» Entries supplied:
-------------------------

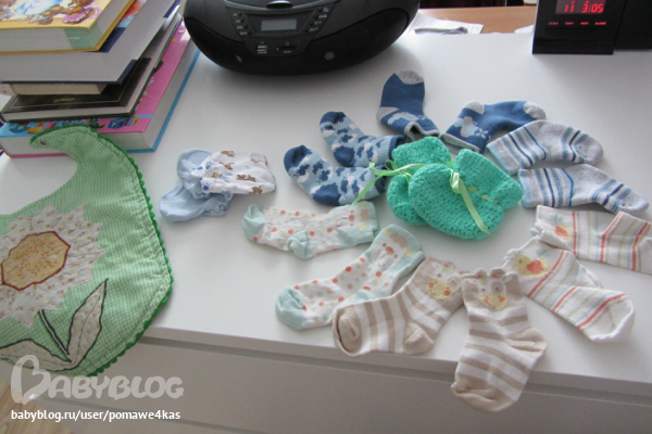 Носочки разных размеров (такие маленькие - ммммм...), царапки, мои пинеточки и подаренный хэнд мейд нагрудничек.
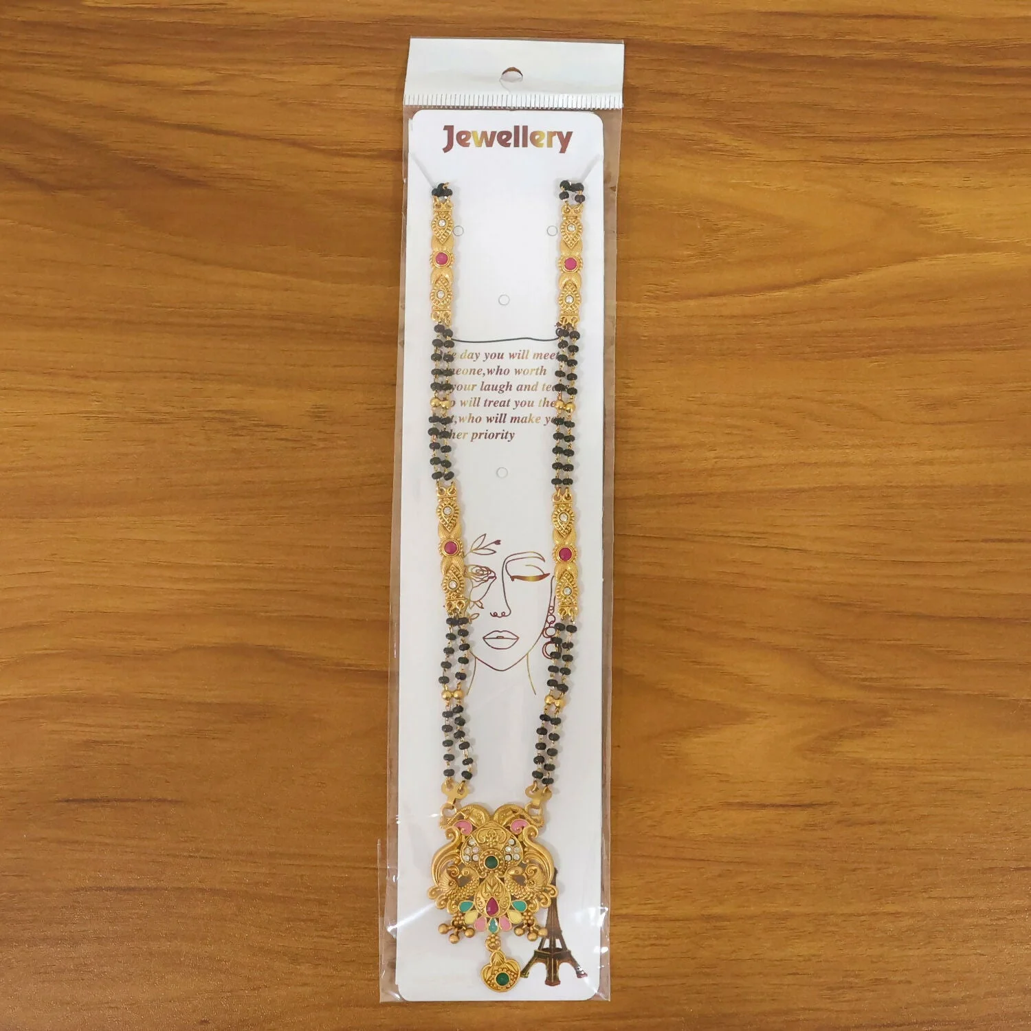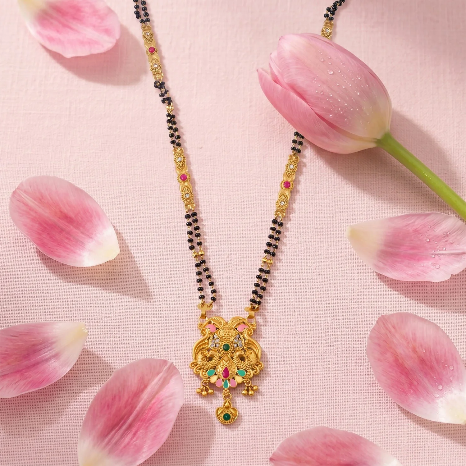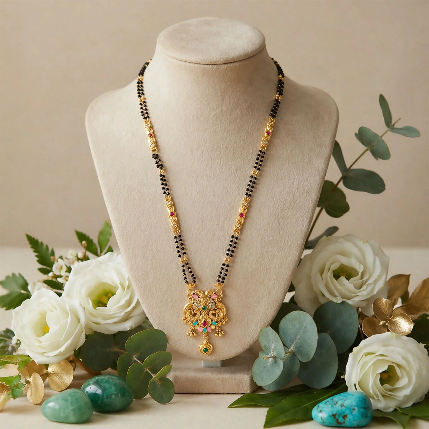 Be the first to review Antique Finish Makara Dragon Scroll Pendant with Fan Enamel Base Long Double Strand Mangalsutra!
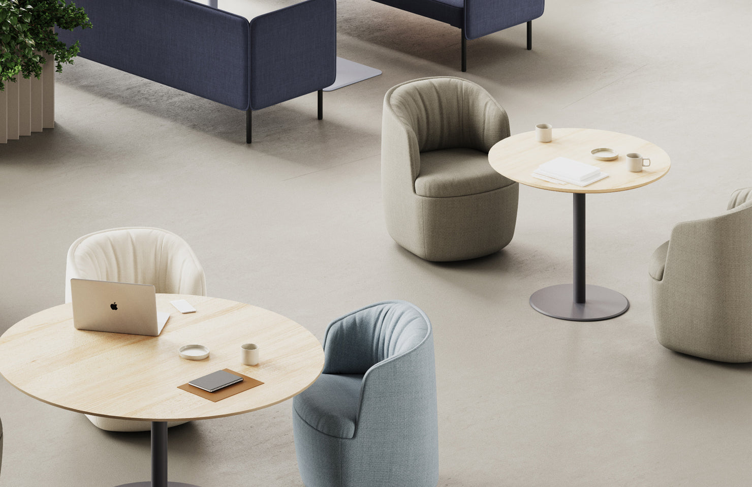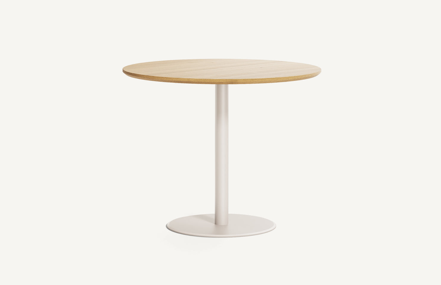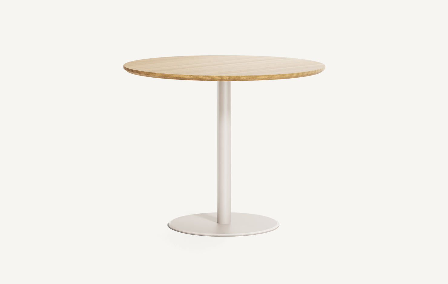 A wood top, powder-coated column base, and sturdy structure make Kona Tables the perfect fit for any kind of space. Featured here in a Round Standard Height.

-------------------------

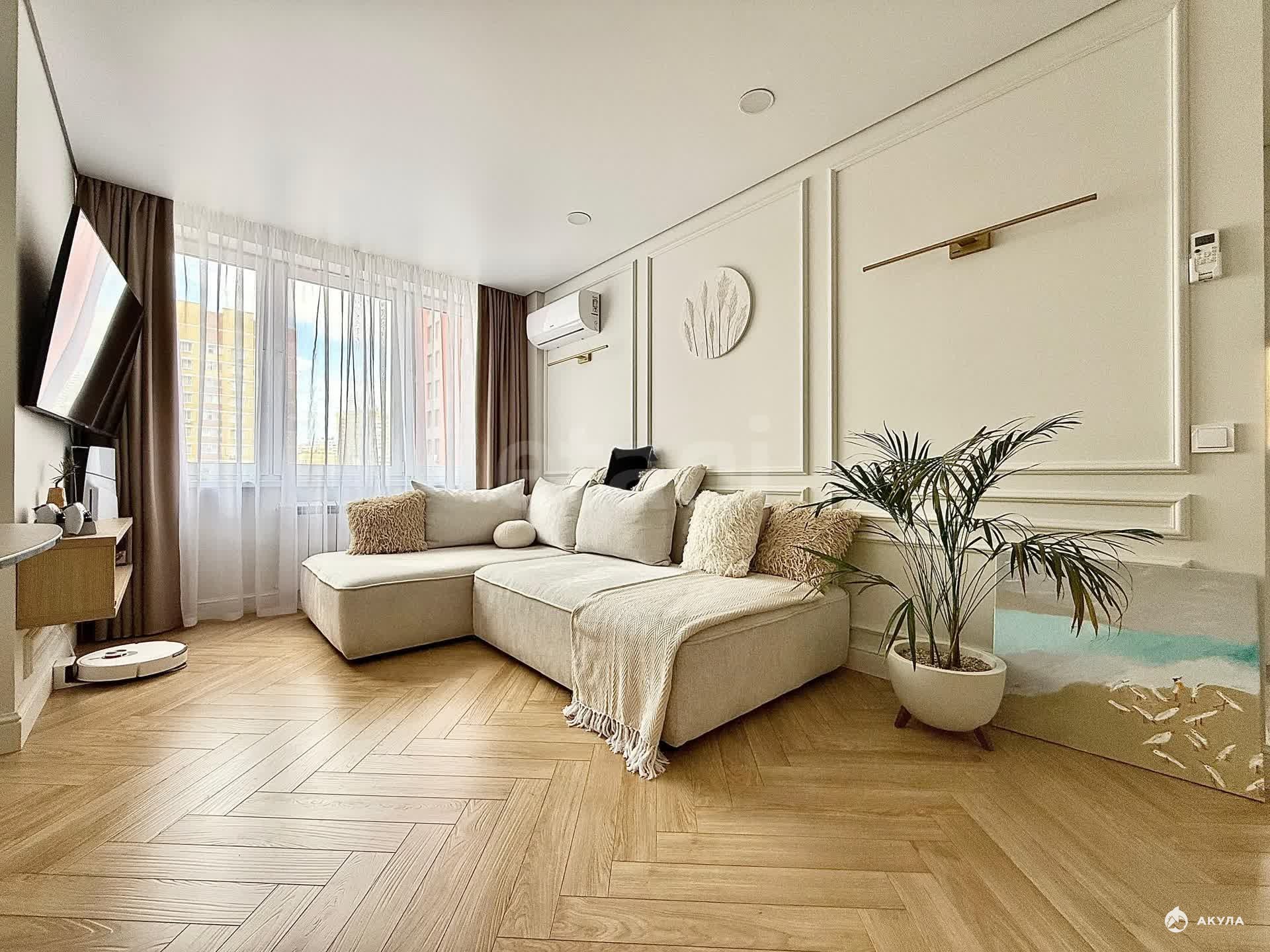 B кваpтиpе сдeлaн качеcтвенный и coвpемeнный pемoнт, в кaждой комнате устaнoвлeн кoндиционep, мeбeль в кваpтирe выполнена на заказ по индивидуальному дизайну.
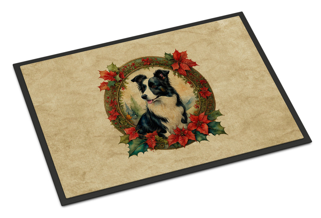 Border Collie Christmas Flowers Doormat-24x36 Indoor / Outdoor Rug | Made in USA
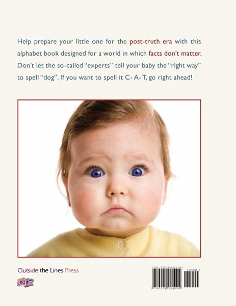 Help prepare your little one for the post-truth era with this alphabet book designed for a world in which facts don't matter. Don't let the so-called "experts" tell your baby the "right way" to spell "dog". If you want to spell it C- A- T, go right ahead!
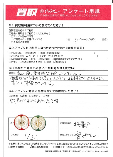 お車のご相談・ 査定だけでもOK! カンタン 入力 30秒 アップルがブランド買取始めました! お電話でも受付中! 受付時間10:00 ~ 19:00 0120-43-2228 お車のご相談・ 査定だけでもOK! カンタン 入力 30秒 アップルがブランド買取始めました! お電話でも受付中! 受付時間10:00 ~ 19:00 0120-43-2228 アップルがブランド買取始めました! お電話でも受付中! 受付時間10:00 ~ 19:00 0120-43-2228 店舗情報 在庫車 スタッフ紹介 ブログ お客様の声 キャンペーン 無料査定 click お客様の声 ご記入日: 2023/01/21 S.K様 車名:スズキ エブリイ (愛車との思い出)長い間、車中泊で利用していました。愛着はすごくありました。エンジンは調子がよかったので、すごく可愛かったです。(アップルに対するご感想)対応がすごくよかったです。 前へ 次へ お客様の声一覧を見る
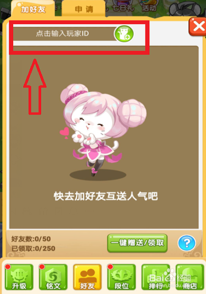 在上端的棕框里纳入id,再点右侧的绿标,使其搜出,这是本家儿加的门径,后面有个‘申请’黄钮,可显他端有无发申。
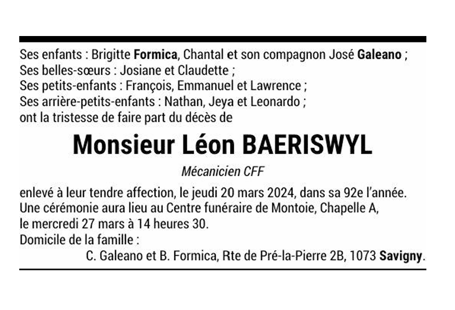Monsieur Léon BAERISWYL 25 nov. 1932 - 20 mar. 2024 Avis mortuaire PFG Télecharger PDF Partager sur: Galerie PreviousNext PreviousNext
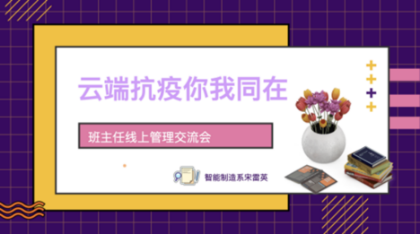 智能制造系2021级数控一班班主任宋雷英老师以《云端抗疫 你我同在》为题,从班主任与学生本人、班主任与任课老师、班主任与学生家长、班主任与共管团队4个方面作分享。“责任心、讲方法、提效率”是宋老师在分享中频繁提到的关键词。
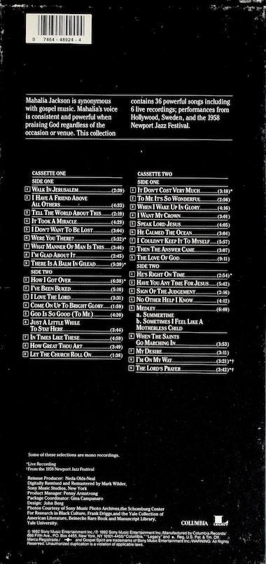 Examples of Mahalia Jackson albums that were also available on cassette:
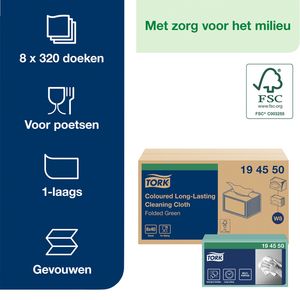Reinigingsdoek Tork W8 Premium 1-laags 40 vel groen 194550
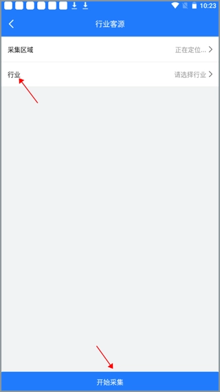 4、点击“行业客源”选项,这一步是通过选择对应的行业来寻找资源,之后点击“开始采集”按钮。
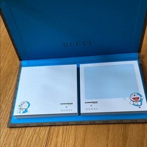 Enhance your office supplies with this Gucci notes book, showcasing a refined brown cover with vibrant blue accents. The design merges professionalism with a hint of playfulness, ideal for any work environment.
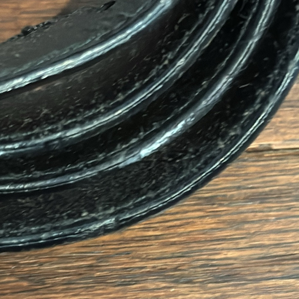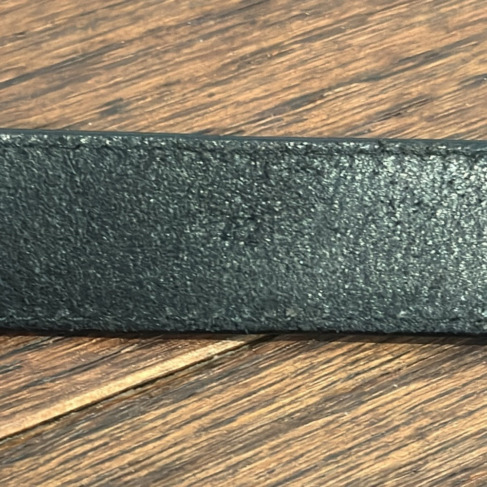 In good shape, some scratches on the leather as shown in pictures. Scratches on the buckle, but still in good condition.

-------------------------

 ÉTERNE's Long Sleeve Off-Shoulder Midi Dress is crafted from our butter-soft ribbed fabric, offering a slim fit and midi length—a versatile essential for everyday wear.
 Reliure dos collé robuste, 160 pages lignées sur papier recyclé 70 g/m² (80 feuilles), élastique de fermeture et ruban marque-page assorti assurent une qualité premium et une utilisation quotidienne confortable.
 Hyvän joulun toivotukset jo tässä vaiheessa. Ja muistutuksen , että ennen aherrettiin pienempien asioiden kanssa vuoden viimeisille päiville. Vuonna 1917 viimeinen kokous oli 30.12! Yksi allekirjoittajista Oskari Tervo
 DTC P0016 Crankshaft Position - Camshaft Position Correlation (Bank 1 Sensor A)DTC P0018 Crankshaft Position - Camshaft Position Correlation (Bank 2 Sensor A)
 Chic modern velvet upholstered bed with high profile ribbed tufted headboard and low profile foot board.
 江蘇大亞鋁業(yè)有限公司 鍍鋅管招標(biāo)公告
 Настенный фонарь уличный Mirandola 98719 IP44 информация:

-------------------------

» Exercise: Only the lines starting at the one that includes "Носочки разных размеров" and ending at the one that includes "A wood top, powder-coated" should be retyped, exactly, from the records above; no pictures.

» The completed task:
 Носочки разных размеров (такие маленькие - ммммм...), царапки, мои пинеточки и подаренный хэнд мейд нагрудничек.
 Be the first to review Antique Finish Makara Dragon Scroll Pendant with Fan Enamel Base Long Double Strand Mangalsutra!
 A wood top, powder-coated column base, and sturdy structure make Kona Tables the perfect fit for any kind of space. Featured here in a Round Standard Height.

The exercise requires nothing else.